Precious metals are following gold sharply higher this morning, as growing unrest over President Trump's declared Middle East immigration ban rattles investors.
Spot gold is more than $17 an ounce higher at $1,212.50 in early New York trading, with April COMEX futures close behind. Spot silver is up 2.2% to $17.45, with March silver futures also keeping pace. Spot platinum is up $7.00 at $994.00, while April platinum flat. Palladium, which has been the best performing precious metal in 2017 so far, is up nearly 2% this morning to $752.00. March palladium futures are also $14 higher.
The Shanghai Gold Exchange, Asia's largest, was closed yesterday (and today) for the Chinese New Year, removing some demand from the market, but gold prices began climbing in Asia almost immediately after the open. Traders and investors are piling into safe haven plays, as global protests continue over the sudden US travel ban on residents of seven unstable countries in Central Asia where there is known Islamic terrorist activity.
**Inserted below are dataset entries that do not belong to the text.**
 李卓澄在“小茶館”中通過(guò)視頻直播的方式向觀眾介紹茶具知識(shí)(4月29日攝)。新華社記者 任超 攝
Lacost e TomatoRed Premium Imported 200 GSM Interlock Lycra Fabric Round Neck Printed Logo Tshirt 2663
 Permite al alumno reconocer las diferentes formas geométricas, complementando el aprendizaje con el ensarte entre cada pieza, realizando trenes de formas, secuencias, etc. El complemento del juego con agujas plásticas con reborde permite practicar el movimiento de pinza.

Trump also made waves by dismissing the country's acting attorney general. Tuesday marks the third consecutive day of gains for gold. January is rounding out as the best month for the yellow metal since June.
Aside from markets reacting to news out of the White House, there was a lot of focus on economic data out of Europe today. The annual inflation rate in the eurozone was most recently clocked at 1.8%, the fastest acceleration of consumer prices since 2013. Unemployment in the region has hit its lowest since 2009, while the modest 0.5% rate of GDP growth in the EU during the fourth quarter was generally taken as a surprise to the upside. This helped the euro recover from an 11-day low to trade at about $1.08.
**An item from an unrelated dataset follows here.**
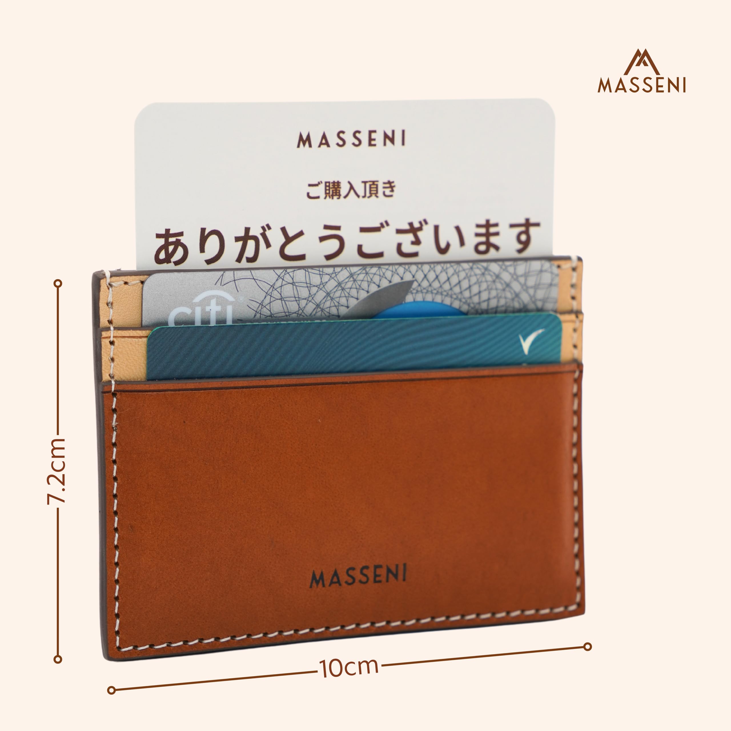 イタリアのベジタブルタンニンレザーと日本人職人から教わった技が融合し、至高のカードホルダーが誕生しました。伝統的なイタリアの革なめし技術で丁寧に仕上げられた高品質な革は、使うほどに味わい深い風合いを増していきます。イタリアベジタブルタンニンレザー協会の証明書付きで、その品質はされています。内側には5つのカードスロットを備え、実用性を兼ね備えています。職人による丁寧なステッチは耐久性と美しさを両立させています。このカードホルダーのカラートーンは、ビジネスからカジュアルまで幅広いシーンで活躍する汎用性を持っています。革本来の自然な風合いを大切にしたシンプルで洗練されたデザインは、長く愛用できる逸品です。
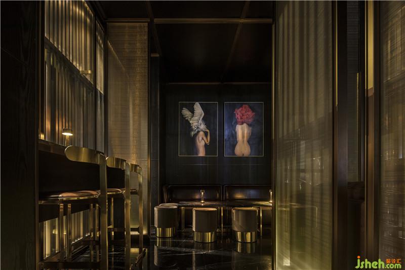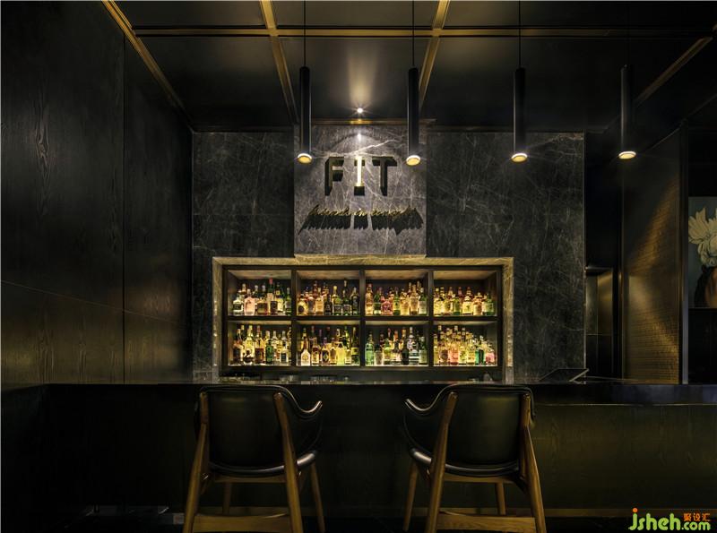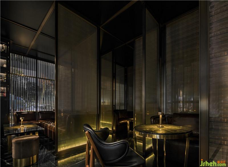 整個空間以黑色為背景,隱含著夜店的本色,也蘊含著能量聚集的概念。其間以金色作點綴彰顯威士忌酒吧的高品質(zhì)和輕奢感。

Elsewhere in Europe, Germany's Deutsche Bank (DB) is again adding to its ledger of fines and out-of-court settlements. After regulators heaped another fine on the megabank for allegedly providing assistance to Russian money launderers, the firm's fines have now piled up to $629 million. Of course, this still pales in comparison to the $10 billion the bank is accused of helping change hands in the scheme.
Meanwhile, the Bank of Japan (BOJ) stood pat at its most recent meeting. The central bank's inflation outlook is mostly unchanged, meaning that stimulus measures are expected to remain in place. Yet, the more encouraging data from Europe is raising questions about whether or not the European Central Bank (ECB) will continue its own stimulus program or scale back its efforts.
Looking ahead, tomorrow the Federal Reserve Open Market Committee (FOMC) will conclude its two-day meeting with an announcement to the press. Investors will also be closely watching quarterly earnings data from Apple Inc. (AAPL) this afternoon.